7. Mind-body therapies. The term “mind-body therapy” (e.g., Naliboff et al., 2008) refers to a panoply of treatments, such as relaxation, meditation, Reiki, yoga, and biofeedback, that purportedly harness mental functioning to enhance physical health (Wolsko et al., 2004). This term implies erroneously that the “mind” is materially separate from the “body” and thereby endorses a simplistic version of mind-body dualism. Rather than conceptualizing such interventions as making use of the mind to influence the body, we should conceptualize them as making use of one part of the body to influence another.
8. Personality type. Although typologies have a lengthy history in personality psychology harkening back to the writings of the Roman physician Galen and later, Swiss psychiatrist Carl Jung, the assertion that personality traits fall into distinct categories (e.g., introvert vs. extravert) has received minimal scientific support. Taxometric studies consistently suggest that normal-range personality traits, such as extraversion and impulsivity, are underpinned by dimensions rather than taxa, that is, categories in nature (Haslam et al., 2012). With the possible exception of schizotypal personality disorder (but see Ahmed et al., 2013), the same conclusion holds for personality disorders (Haslam et al., 2012). Hence, if authors elect to use the phrase “personality type,” they should qualify it by noting that the evidence for a genuine typology (i.e., a qualitative difference from normality) is in almost all cases negligible within the personality domain.

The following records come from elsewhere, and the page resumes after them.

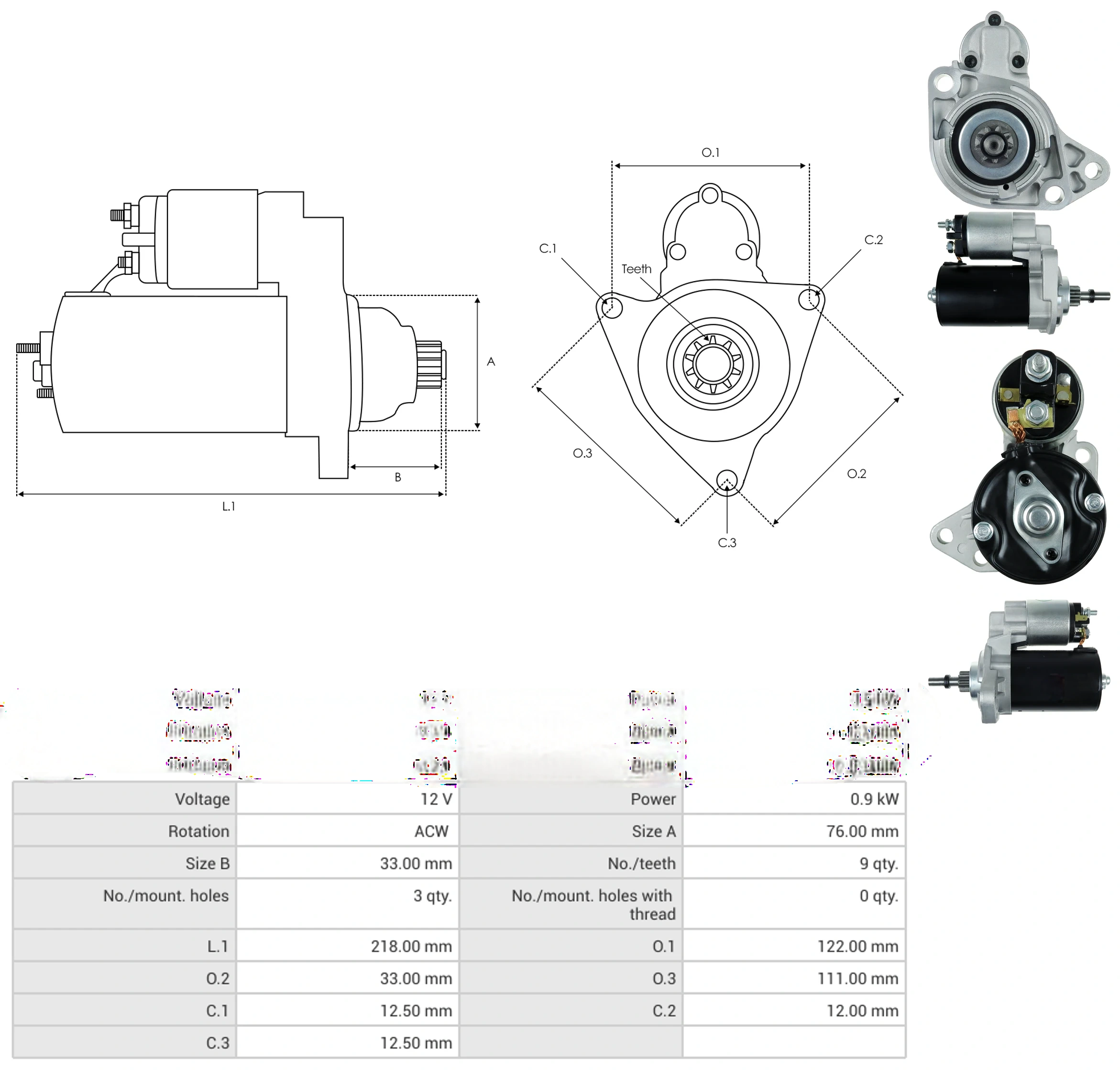 Starters Voltage [ V ] 12 Power [ kW ] 0.9 Rotation ACW Size A [ mm ] 76.00 Size B [ mm ] 33.00 No./teeth [ qty. ] 9 No./mount. holes [ qty. ] 3 No./mount. holes with thread [ qty. ] 0 L.1 [ mm ] 218.00 O.1 [ mm ] 122.00 O.2 [ mm ] 33.00 O.3 [ mm ] 111.00 C.1 [ mm ] 12.50 C.2 [ mm ] 12.00 C.3 [ mm ] 12.50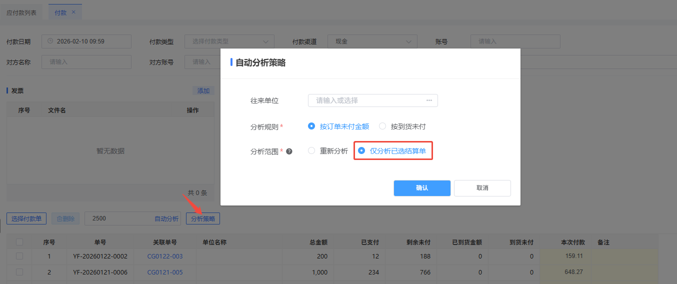 有两种自动分析操作方式,可根据实际付款需求进行: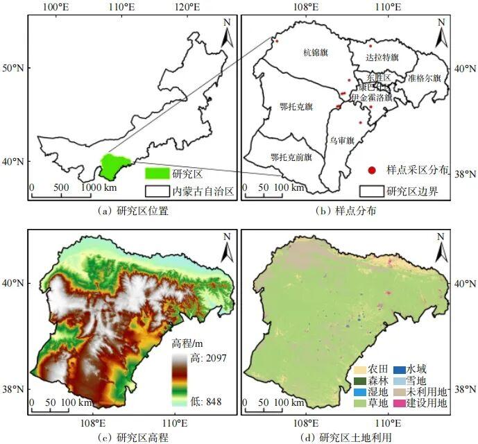 鄂爾多斯(37°35′N~40°51′N,106°42′E~111°27′E)位於內蒙古自治區西南部,地處中國北方農牧交錯帶與乾旱半乾旱氣候過渡區,是黃河流域生態保護和高質量發展的關鍵區域,也是構築北方生態安全屏障的重要組成區域。遵循地貌類型與植被羣落相結合的採樣原則,在烏審旗、鄂托克旗等5個旗縣內選取9個典型樣區(圖1)。樣區涵蓋了流動沙地、半固定沙丘、丘陵及硬梁地等主要生境類型,確保了樣本在物種組成、覆蓋度及立地條件等方面的多樣性與代表性。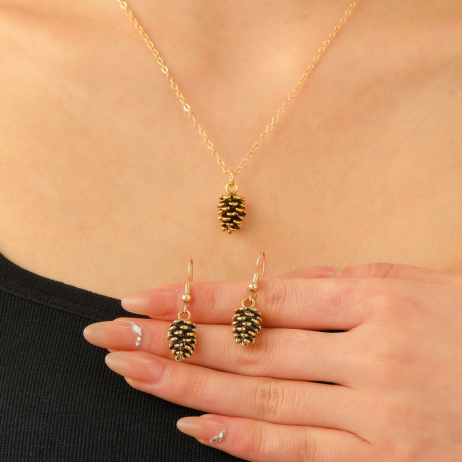 Ins Fashion Versatile Work Clothing Alloy Chain Pine Cone Pendant Clavicle Chain Fashion Earrings Necklace Set Decoration for Women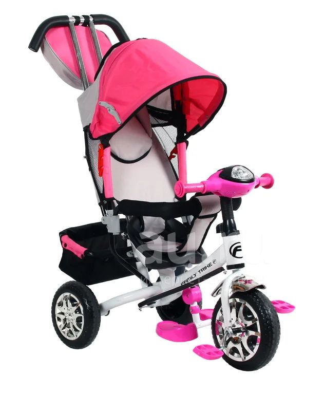 Велосипед 3-х кол с диаметром колес 8" и 10" дюймов, материал: пвх, резина, рама сталь, хромированные крылья, педали: пластик, сидение со спинкой, подгузник, два положения спинки, багажная корзина, колясочная крыша, смотровое окно, двойная ручка управления, подножка складная, мягкий подголовник, разъемный мягкий страховочный обод, сумочка для мелочей, глубокий козырек, звонок.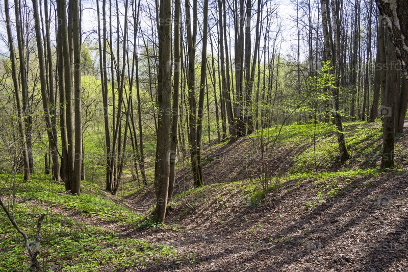 Небольшой овраг в весеннем лесу. Лесопарк Узкое, Москва. Солнечный день в начале мая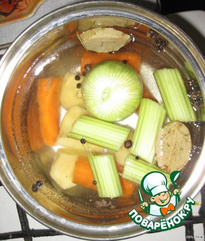 Заранее приготовим овощной бульон. В моём сегодня - сельдерей, картошка, морковка, лук.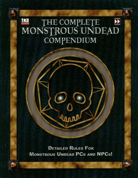 Item Code: #FAF2505 Title: The Complete Monstrous Undead Compendium Type: Accessory Published: 2003 Publisher: Fast Forward Entertainment Format: 128-page perfect-bound book |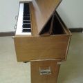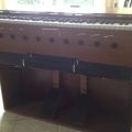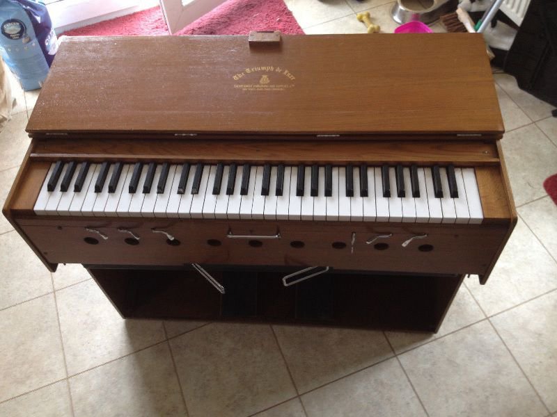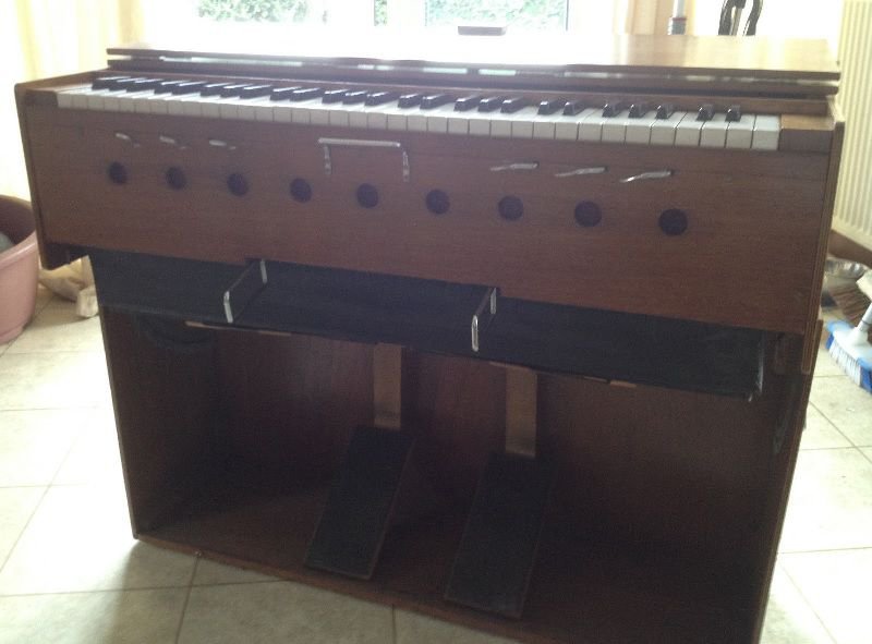 It has 4 octaves and the keyboard splits the reed banks at the F below middle C. There are 6 stops on the front (as seen in the pictures) which control the 4'', 8'' and 16'' reeds on both sides, and there are two knee levers - one for for the swell/shade mechanism and the other to open up all 3 sets of reeds whilst playing. Pitch is 451/452.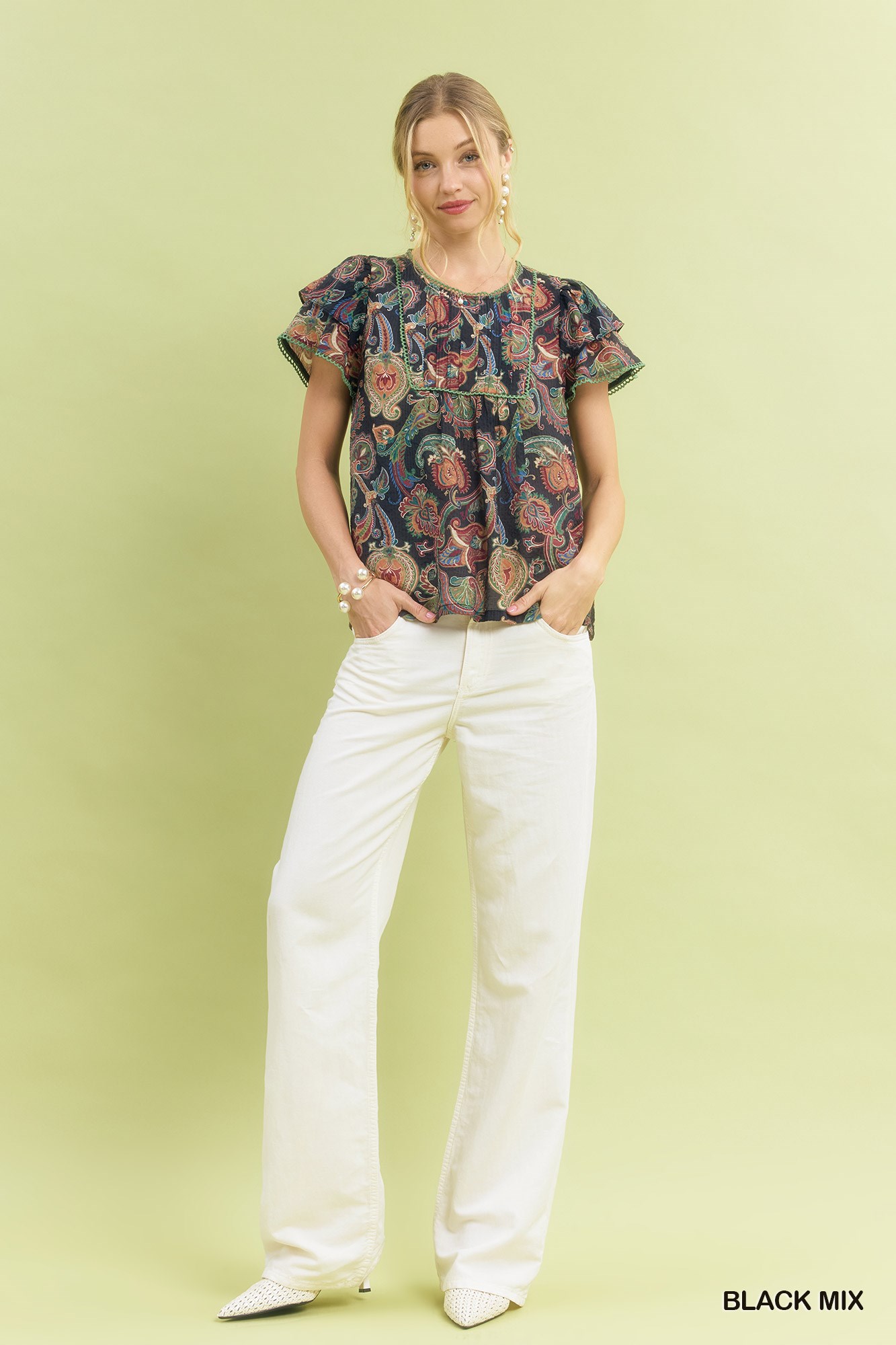 Elevate your wardrobe with the Mix Paisley Ruffle Sleeve Top, a charming and feminine piece for any occasion. The paisley floral mix print adds a touch of bohemian flair to this top. The round neckline features pintuck detail and trim, adding a subtle yet stylish touch. Short ruffle sleeves give this top a playful and romantic feel. Stay comfortable and stylish with the added lining for a polished look. Dress up this top for a night out or pair it with jeans for a casual chic ensemble.

9. Scientific proof. The concepts of “proof” and “confirmation” are incompatible with science, which by its very nature is provisional and self-correcting (McComas, 1996). Hence, it is understandable why Popper (1959) preferred the term “corroboration” to “confirmation,” as all theories can in principle be overturned by new evidence. Nor is the evidence for scientific theories dichotomous; theories virtually always vary in their degree of corroboration. As a consequence, no theory in science, including psychological science, should be regarded as strictly proven. Proofs should be confined to the pages of mathematics textbooks and journals (Kanazawa, 2008).
10. Multiple personality disorder. Although the term “multiple personality disorder” was expunged from the American Psychiatric Association’s (1994) diagnostic manual over two decades ago and has since been replaced by “dissociative identity disorder” (DID), it persists in many academic sources (e.g., Hayes, 2014). Nevertheless, even ardent proponents of the view that DID is a naturally occurring condition that stems largely from childhood trauma (e.g., Ross, 1994) acknowledge that “multiple personality disorder” is a misnomer (Lilienfeld and Lynn, 2015), because individuals with DID do not genuinely harbor two or more fully developed personalities. Moreover, laboratory studies of the memories of individuals with DID demonstrate that the “alter” personalities or personality states of individuals with DID are not insulated by impenetrable amnestic barriers (Merckelbach et al., 2002).